Transcribe the entries below exactly, starting with the line that has "Project Management Professional" and stopping after the line that has "1839 Királybírónak címzett"; no pictures belong in the copy.

» **Recorded data**
____

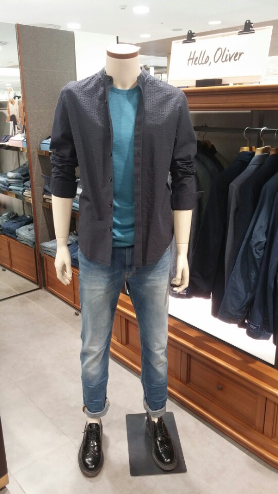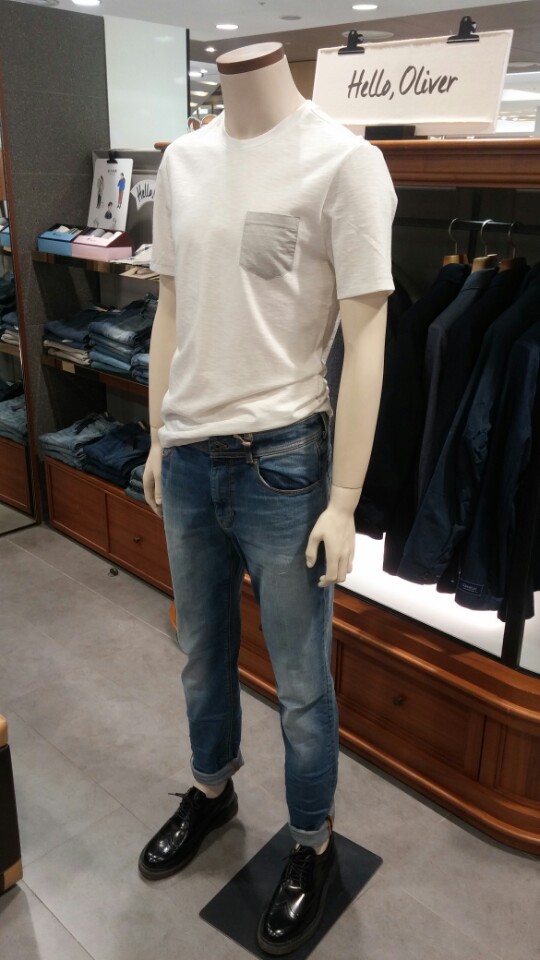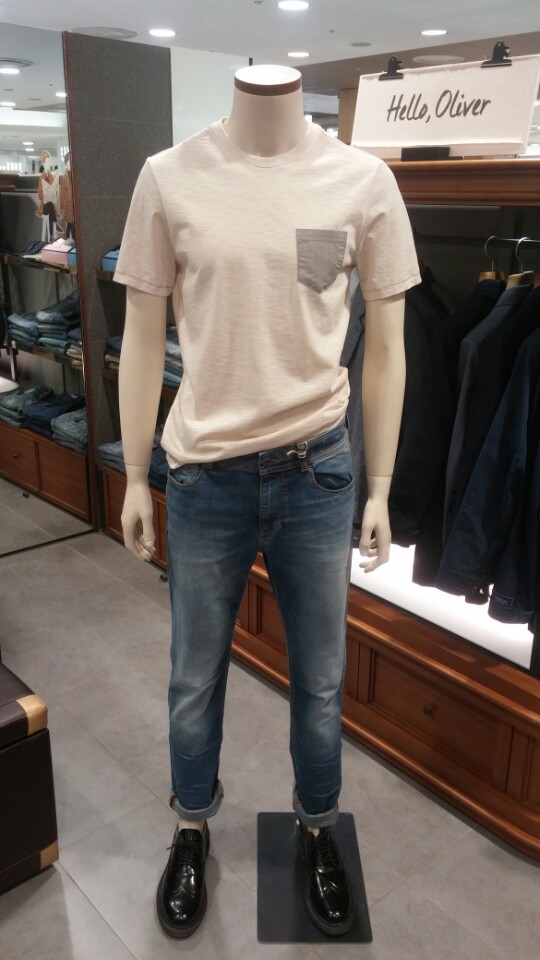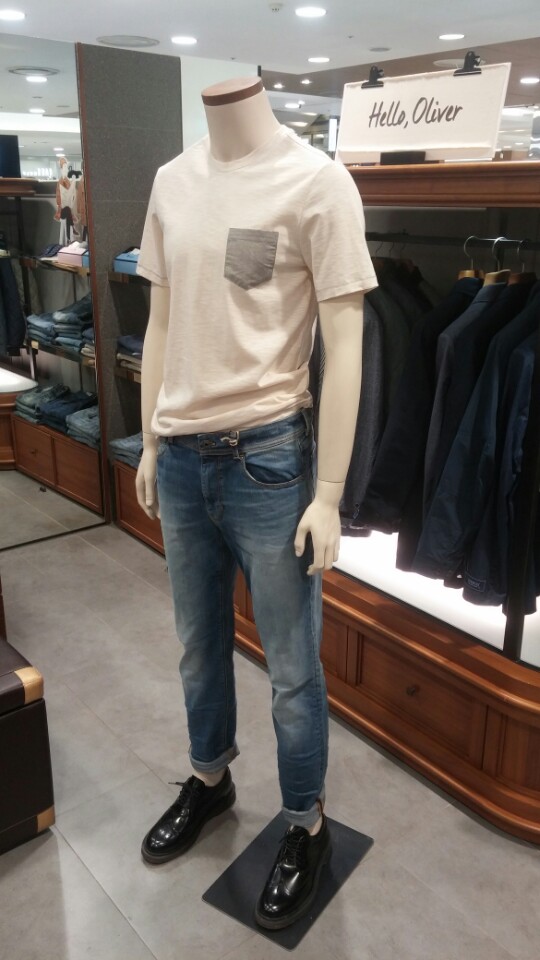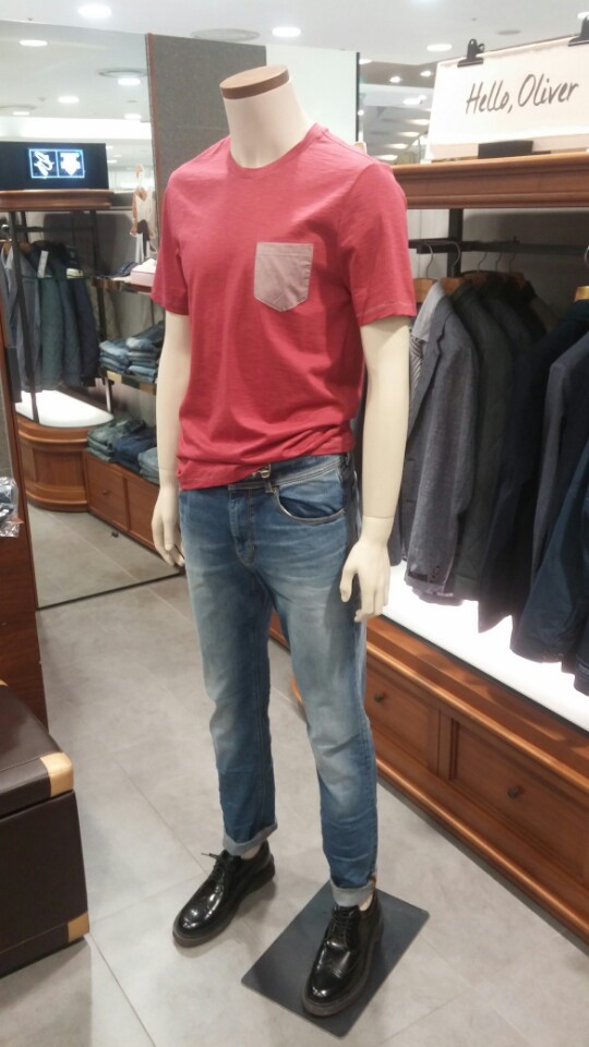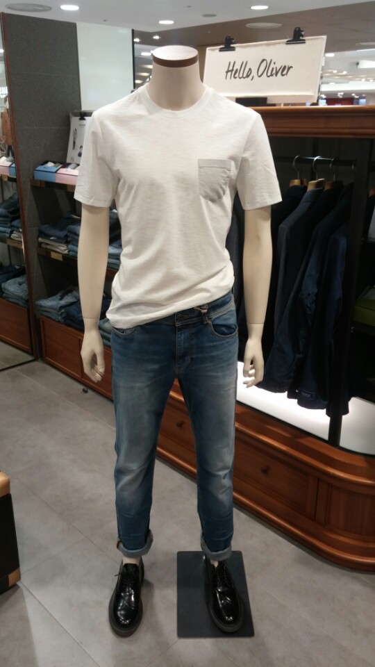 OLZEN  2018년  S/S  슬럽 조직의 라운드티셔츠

____

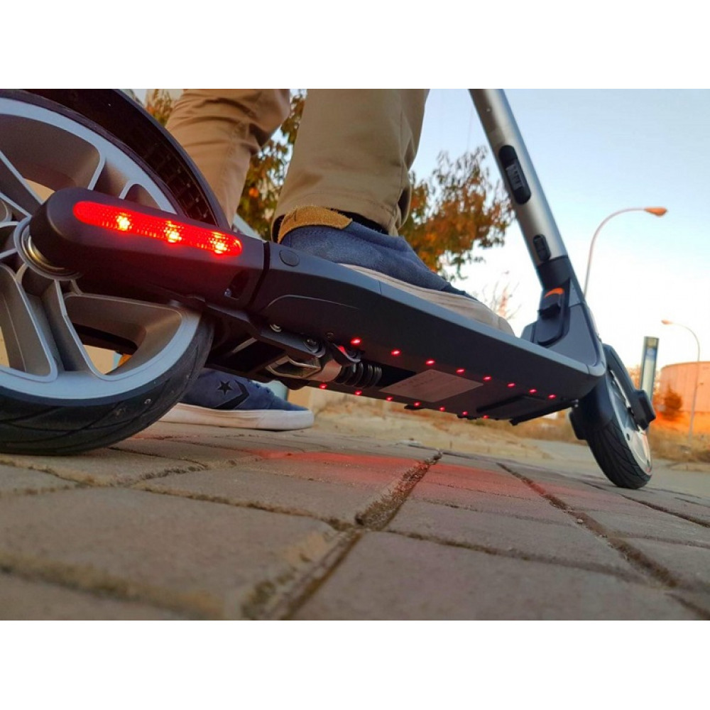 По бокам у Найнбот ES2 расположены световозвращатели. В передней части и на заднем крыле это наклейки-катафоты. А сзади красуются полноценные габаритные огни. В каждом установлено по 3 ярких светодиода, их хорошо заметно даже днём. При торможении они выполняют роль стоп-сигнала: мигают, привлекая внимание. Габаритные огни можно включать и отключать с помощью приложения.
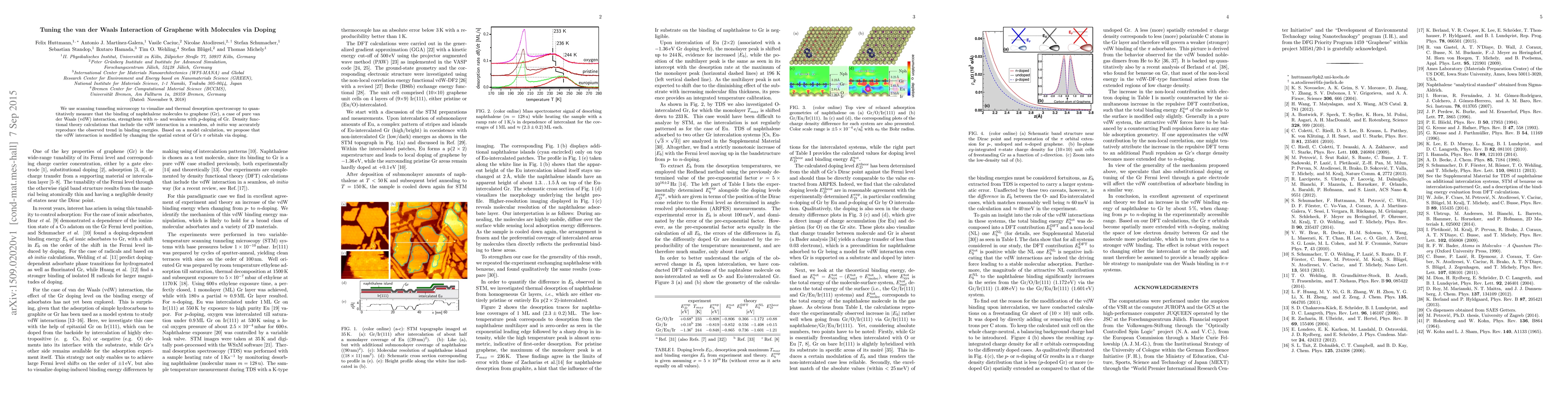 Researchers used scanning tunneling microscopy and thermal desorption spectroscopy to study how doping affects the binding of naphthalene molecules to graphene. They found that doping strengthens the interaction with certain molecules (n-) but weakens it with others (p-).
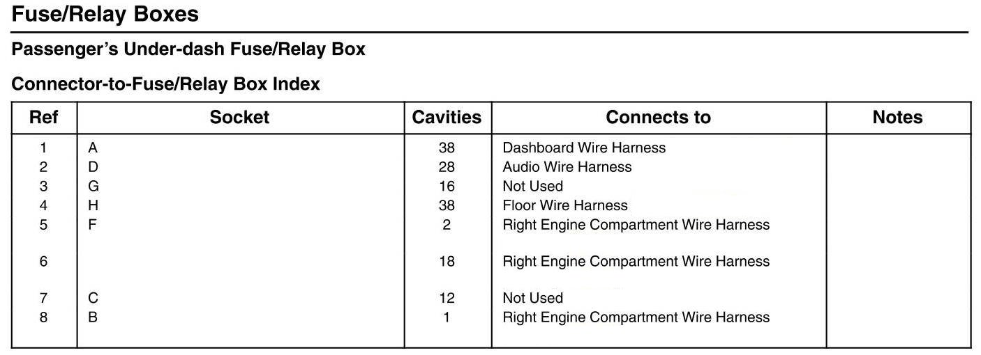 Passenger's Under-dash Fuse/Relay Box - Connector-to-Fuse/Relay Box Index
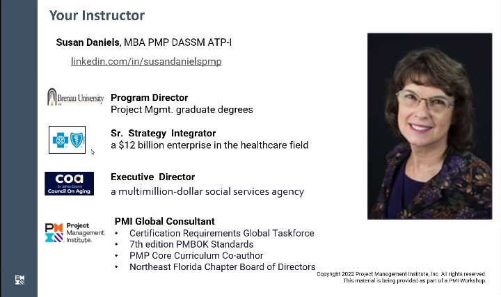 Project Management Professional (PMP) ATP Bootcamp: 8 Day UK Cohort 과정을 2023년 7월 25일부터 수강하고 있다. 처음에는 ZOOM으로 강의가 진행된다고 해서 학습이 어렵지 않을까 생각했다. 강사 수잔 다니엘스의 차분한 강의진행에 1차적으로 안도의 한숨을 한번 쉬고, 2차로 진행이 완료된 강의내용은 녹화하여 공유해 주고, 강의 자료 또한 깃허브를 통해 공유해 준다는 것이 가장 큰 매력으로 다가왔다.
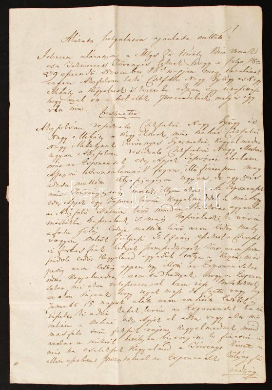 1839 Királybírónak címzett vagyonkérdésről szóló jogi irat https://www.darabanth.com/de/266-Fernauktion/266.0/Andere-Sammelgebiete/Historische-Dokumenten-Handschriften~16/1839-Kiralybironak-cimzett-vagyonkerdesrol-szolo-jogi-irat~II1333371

____

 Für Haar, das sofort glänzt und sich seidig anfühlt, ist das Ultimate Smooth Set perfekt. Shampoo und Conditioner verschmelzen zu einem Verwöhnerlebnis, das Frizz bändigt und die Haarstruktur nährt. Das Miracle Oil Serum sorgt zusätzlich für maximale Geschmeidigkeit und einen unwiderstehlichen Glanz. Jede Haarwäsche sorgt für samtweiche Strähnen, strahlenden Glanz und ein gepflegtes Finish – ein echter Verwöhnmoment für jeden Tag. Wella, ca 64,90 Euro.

____

» **Response box**
 Project Management Professional (PMP) ATP Bootcamp: 8 Day UK Cohort 과정을 2023년 7월 25일부터 수강하고 있다. 처음에는 ZOOM으로 강의가 진행된다고 해서 학습이 어렵지 않을까 생각했다. 강사 수잔 다니엘스의 차분한 강의진행에 1차적으로 안도의 한숨을 한번 쉬고, 2차로 진행이 완료된 강의내용은 녹화하여 공유해 주고, 강의 자료 또한 깃허브를 통해 공유해 준다는 것이 가장 큰 매력으로 다가왔다.
 1839 Királybírónak címzett vagyonkérdésről szóló jogi irat https://www.darabanth.com/de/266-Fernauktion/266.0/Andere-Sammelgebiete/Historische-Dokumenten-Handschriften~16/1839-Kiralybironak-cimzett-vagyonkerdesrol-szolo-jogi-irat~II1333371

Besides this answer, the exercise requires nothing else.